In talking to the survivors and their families there was a lot of support for this graphic novel as some of them were not literate but could engage with images much more extensively. Along with the graphic imagery, I decided to use some of the archival images which had not passed the muster of the art criteria of the publisher of my book (Duke University Press). Juxtaposing the archival documents and graphic imagery was also a way to signal that the narrative I was presenting was not fictional. If a young reader thought of it as only a fictive account, the archival images reminded them of the archives and life stories it was drawing from. It also gave us a chance to move between different textures of imagery and storytelling. I wrote the dialogue and transcript of the graphic novel and got a lot of help from colleagues and PhD students in the UK and Bangladesh, who were all acknowledged. These were tasks I had no expertise in and it took me long to get the edits in place and synchronise the images with the text across a six-hour time difference with Keya and the publisher based in Dhaka.
In thinking through which aspect of the ethnography could be translated into the graphic novel, I was particularly keen to map how individuals live with various objects linked to the war. These are different from practices of memorialisation, as I have mentioned before. Here, the objects stand in for the horrors of the war and show how individuals live with these objects which bring back fearful memories of the war in the everyday. We explore these fearful memories through the memories of doors and boots, the wooden pole and weather, and try to explore intertextual, intercitational registers that the graphic novel draws on.
Objects of fear: Doors and boots
Just before the independence of Bangladesh on 16 December 1971, around 50 intellectuals were taken from their homes and killed on 14 December 1971. The intellectuals were both Hindus and Muslims and included one female journalist, Selina Parveen. Their bodies were found in a brick kiln in Rayerbajar, in Dhaka, lying face down, blindfolded, hands tied behind their backs with red pieces of cloth, their bodies submerged in water. The photograph of their bodies lying in the brick kiln has become metonymic with the killing of the intellectuals (Mookherjee, 2007). As a result, the birth and independence of Bangladesh corresponded with the loss of these intellectuals and the ideals they stood for, of that of secularist nationalism based on a Bengali Muslim identity. 4 The uncontested celebration of 14 December as the Martyred Intellectual Day since the Bangladesh war shows that the dead intellectuals continue their role of that of the ‘dead and their double duties’ (Taussig, 1997, p. 10), in independent Bangladesh. As recently as 14 February 2022 I received an email with the request for an interview by one of the children of a renowned martyred journalist who was abducted as a part of intellectual killing six days before Bangladesh was formed. The body of the journalist has never been found and he had children as young as three years old when he was taken away.

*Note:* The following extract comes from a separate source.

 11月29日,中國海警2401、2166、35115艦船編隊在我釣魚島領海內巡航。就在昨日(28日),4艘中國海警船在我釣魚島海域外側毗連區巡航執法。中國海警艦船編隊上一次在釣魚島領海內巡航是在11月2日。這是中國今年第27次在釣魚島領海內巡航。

The taking away of these intellectuals was carried out by various individuals, and in many instances they were known to the intellectuals and their families. Apart from the role of betrayal and complicity of these individuals, one of the dominant memories among the families of martyred intellectuals is the memory of fear. This fear primarily comprised of the anticipation of the bang on the door. This banging would signify the arrival of the Pakistani military or of their collaborators in their attempt to take women away for sexual violence and the men would be taken away to be killed. The significance of taking the intellectuals away and killing them was meant as an attempt to attack the cultural foundations of the emerging country of Bangladesh. To commemorate the martyred intellectuals’ day, various exhibitions in Bangladesh have over time included installations of the door and that of the red piece of cloth (with which some of the corpses of intellectuals were found to be tied) which is recognised by many as a signifier of the killing of the intellectuals.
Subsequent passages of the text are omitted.